WHAT IS NEEDED:
Could you return, exactly as written, every line from the one containing "Với sự kết hợp" through the last line of the entries below, leaving out the pictures?

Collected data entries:
*** Block opens ***

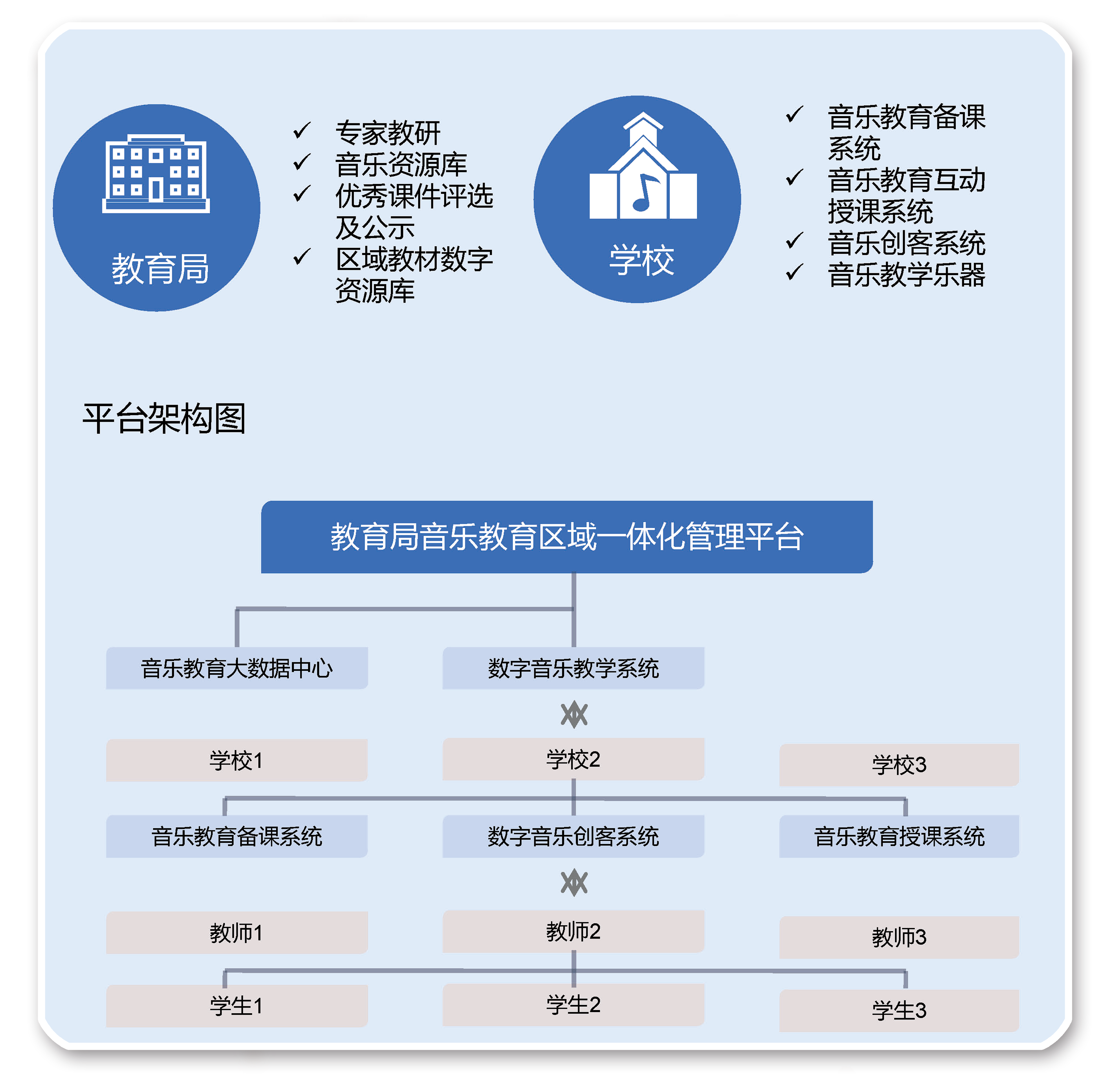美育教育區域一體化管理平臺由數字音樂教學系統和音樂教育區域大數據中心組成,幫助市/區/縣教育局建設成覆蓋所有下轄學校的統一的音樂教育大平臺,打造區域音樂教育大數據中心,輔助區域打通音樂教育壁壘,支持區域內學校開好音樂課、開足音樂課。
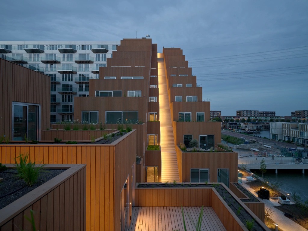 Với sự kết hợp của các loại vật liệu nhôm, kính và gỗ, tòa nhà hiện đại này là tác phẩm được thiết kế bởi kiến trúc sư nổi tiếng người Đan Mạch Bjarke Ingels hợp tác cùng công ty kiến trúc Barcode Architects có trụ sở tại Rotterdam (Hà Lan).
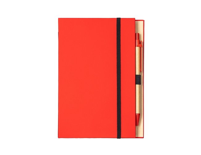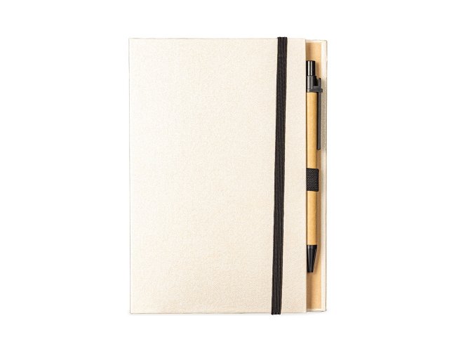 Um bloco de anotações com capa revestida em papel especial e fita elástica para fechamento. Contém aproximadamente 80 folhas amareladas destacáveis com pauta, além de um bloco com cerca de 20 folhas autoadesivas amarelas e aproximadamente 100 marcadores de página autoadesivos, divididos em cinco cores diferentes. Acompanha uma caneta esferográfica com carga azul de 1.0mm e acionamento por clique, corpo em papelão e demais componentes em plástico.
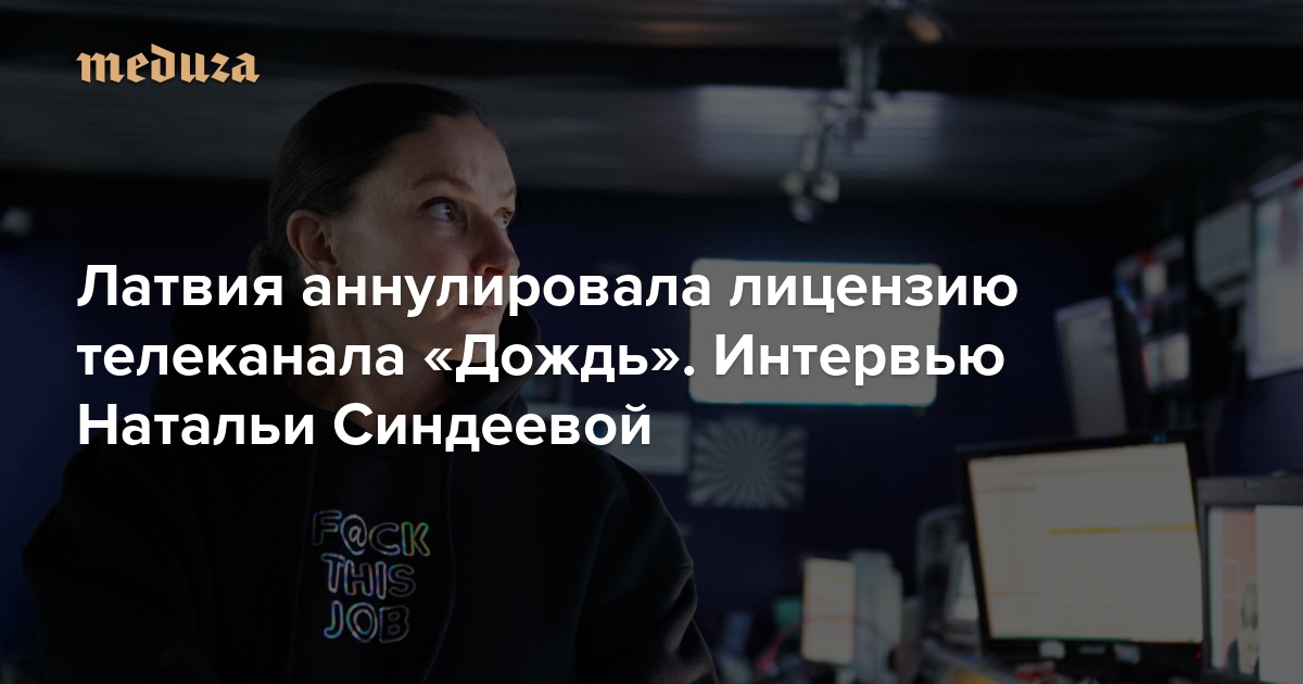 Утром 6 декабря латвийские власти отозвали лицензию канала «Дождь» на вещание. Национальный совет по электронным СМИ заявил, что телеканал представляет «угрозу национальной безопасности и общественному порядку». Такое решение было принято на фоне острой публичной дискуссии, вызванной двусмысленным заявлением ведущего «Дождя» Алексея Коростелева в прямом эфире по поводу войны (подробнее читайте тут). Спецкор «Медузы» Светлана Рейтер поговорила с гендиректором «Дождя» Натальей Синдеевой — сразу после того, как стало известно о решении Латвии.
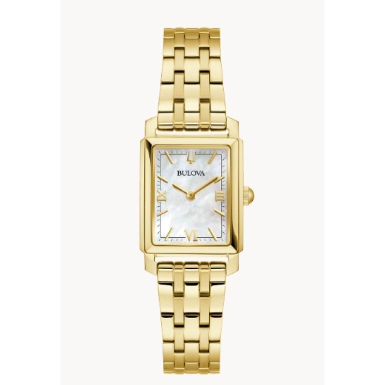 Bulova watch. Sutton. 21mm case diameter. Gold-tone stainless steel case and bracelet. Mineral crystal. White mother of pearl dial. Quartz movement.
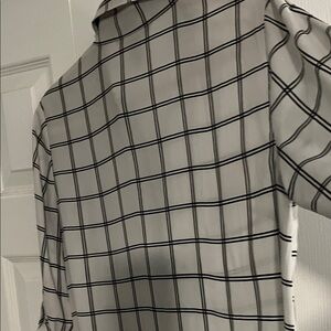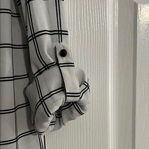 Chic plaid design. Ideal for office or casual wear. Comfortable and stylish. Sleeves can be worn long or rolled up.

*** Block closes ***

TASK OUTPUT:
 Với sự kết hợp của các loại vật liệu nhôm, kính và gỗ, tòa nhà hiện đại này là tác phẩm được thiết kế bởi kiến trúc sư nổi tiếng người Đan Mạch Bjarke Ingels hợp tác cùng công ty kiến trúc Barcode Architects có trụ sở tại Rotterdam (Hà Lan).
 Um bloco de anotações com capa revestida em papel especial e fita elástica para fechamento. Contém aproximadamente 80 folhas amareladas destacáveis com pauta, além de um bloco com cerca de 20 folhas autoadesivas amarelas e aproximadamente 100 marcadores de página autoadesivos, divididos em cinco cores diferentes. Acompanha uma caneta esferográfica com carga azul de 1.0mm e acionamento por clique, corpo em papelão e demais componentes em plástico.
 Утром 6 декабря латвийские власти отозвали лицензию канала «Дождь» на вещание. Национальный совет по электронным СМИ заявил, что телеканал представляет «угрозу национальной безопасности и общественному порядку». Такое решение было принято на фоне острой публичной дискуссии, вызванной двусмысленным заявлением ведущего «Дождя» Алексея Коростелева в прямом эфире по поводу войны (подробнее читайте тут). Спецкор «Медузы» Светлана Рейтер поговорила с гендиректором «Дождя» Натальей Синдеевой — сразу после того, как стало известно о решении Латвии.
 Bulova watch. Sutton. 21mm case diameter. Gold-tone stainless steel case and bracelet. Mineral crystal. White mother of pearl dial. Quartz movement.
 Chic plaid design. Ideal for office or casual wear. Comfortable and stylish. Sleeves can be worn long or rolled up.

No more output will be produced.